* _DATA EXCERPTS_:
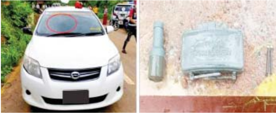
မွန်ပြည်နယ် ကျိုက်ထိုမြို့နယ်၌ ကြီးဆွဲခိုင်းပေါက်ကွဲမှု မှတ်တမ်းဓာတ်ပုံ။

သွားရောက်စစ်ဆေး ထိုသို့ လုပ်ဆောင်လျက်ရှိရာ မွန်းလွဲ ၁၂ နာရီခွဲခန့်တွင် မွန်
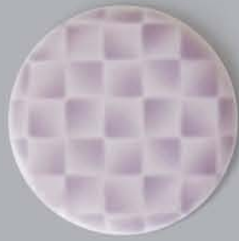
P41102 螺鈿 RADEN
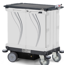
EMOTION DRIVE Art. SE0400020PE02 110x64x110,5 cm
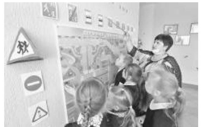
В Клименковской школе Вейделевского района

действию этих мероприятий на конкретного ребёнка сиюминутно, потому что результат, как правило, отдалён во времени, к тому же отсутствуют измерители воспитанности и сформированности навыка поведения на дороге. Но ни одна школа не стоит в стороне от этой работы.
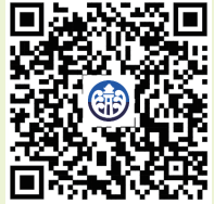
澎湖縣政府社會處
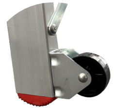
Komfortables Verfahren durch die Hinterräder
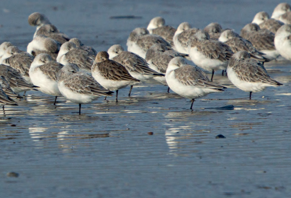
Drieteenstrandlopers, met in hun midden een bonte strandloper

In ieder mens schuilt wel een vogelkijker. Waar je ook bent, overal zie je vogels. In de tuin, op het balkon, langs de snelweg, op het gazon bij het kantoor, langs de rivier, aan de kust, in de duinen en in het bos. Er is geen plek te bedenken, waar je nooit een vogel zult zien. Er zijn wel plekken met heel weinig vogels en plekken met heel veel vogels. Ook zie je het hele jaar door vogels, maar dat zijn vaak niet dezelfde vogels en ook dan zijn ze niet overal even talrijk. Kortom: er is altijd wel wat te zien en daarvoor kun je ook op verschillende manieren naar vogels kijken.
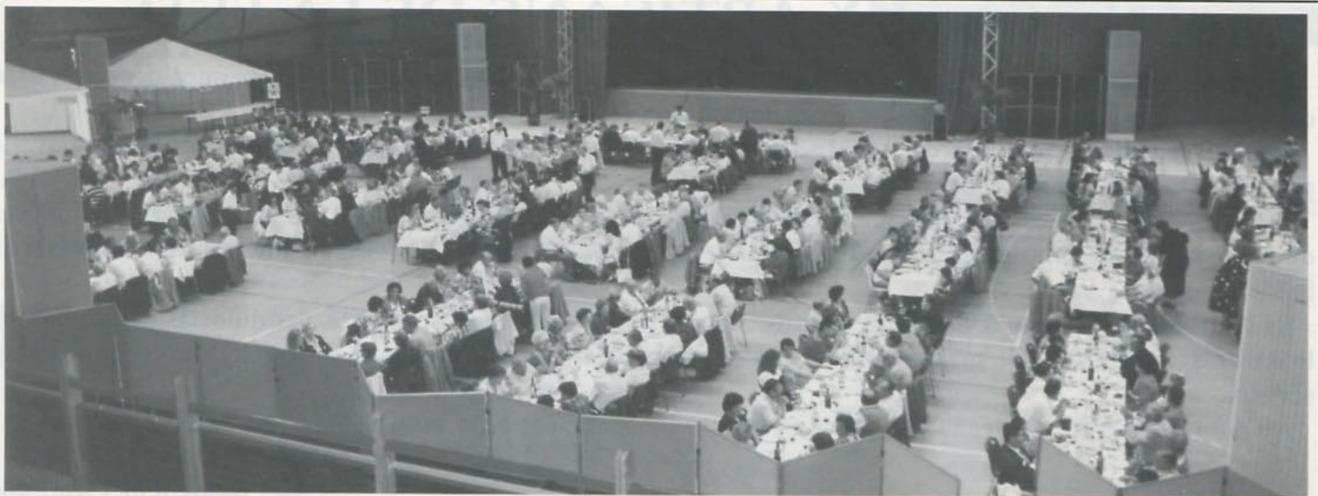
Vue partielle de la magnifique salle pendant le repas de midi.
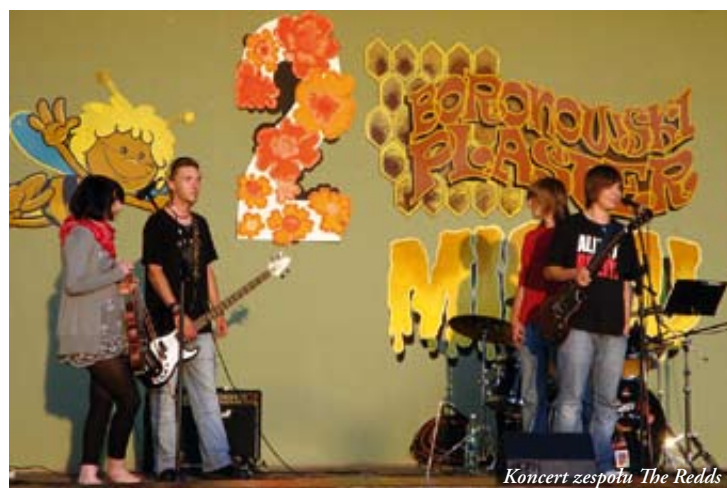
Koncert zespołu The Redds

* _TASK TO CARRY OUT_:
Set the records down again exactly as given, and leave the pictures out.

* _TASK SOLUTION_:
မွန်ပြည်နယ် ကျိုက်ထိုမြို့နယ်၌ ကြီးဆွဲခိုင်းပေါက်ကွဲမှု မှတ်တမ်းဓာတ်ပုံ။

သွားရောက်စစ်ဆေး ထိုသို့ လုပ်ဆောင်လျက်ရှိရာ မွန်းလွဲ ၁၂ နာရီခွဲခန့်တွင် မွန်
P41102 螺鈿 RADEN
EMOTION DRIVE Art. SE0400020PE02 110x64x110,5 cm
В Клименковской школе Вейделевского района

действию этих мероприятий на конкретного ребёнка сиюминутно, потому что результат, как правило, отдалён во времени, к тому же отсутствуют измерители воспитанности и сформированности навыка поведения на дороге. Но ни одна школа не стоит в стороне от этой работы.
澎湖縣政府社會處
Komfortables Verfahren durch die Hinterräder
Drieteenstrandlopers, met in hun midden een bonte strandloper

In ieder mens schuilt wel een vogelkijker. Waar je ook bent, overal zie je vogels. In de tuin, op het balkon, langs de snelweg, op het gazon bij het kantoor, langs de rivier, aan de kust, in de duinen en in het bos. Er is geen plek te bedenken, waar je nooit een vogel zult zien. Er zijn wel plekken met heel weinig vogels en plekken met heel veel vogels. Ook zie je het hele jaar door vogels, maar dat zijn vaak niet dezelfde vogels en ook dan zijn ze niet overal even talrijk. Kortom: er is altijd wel wat te zien en daarvoor kun je ook op verschillende manieren naar vogels kijken.
Vue partielle de la magnifique salle pendant le repas de midi.
Koncert zespołu The Redds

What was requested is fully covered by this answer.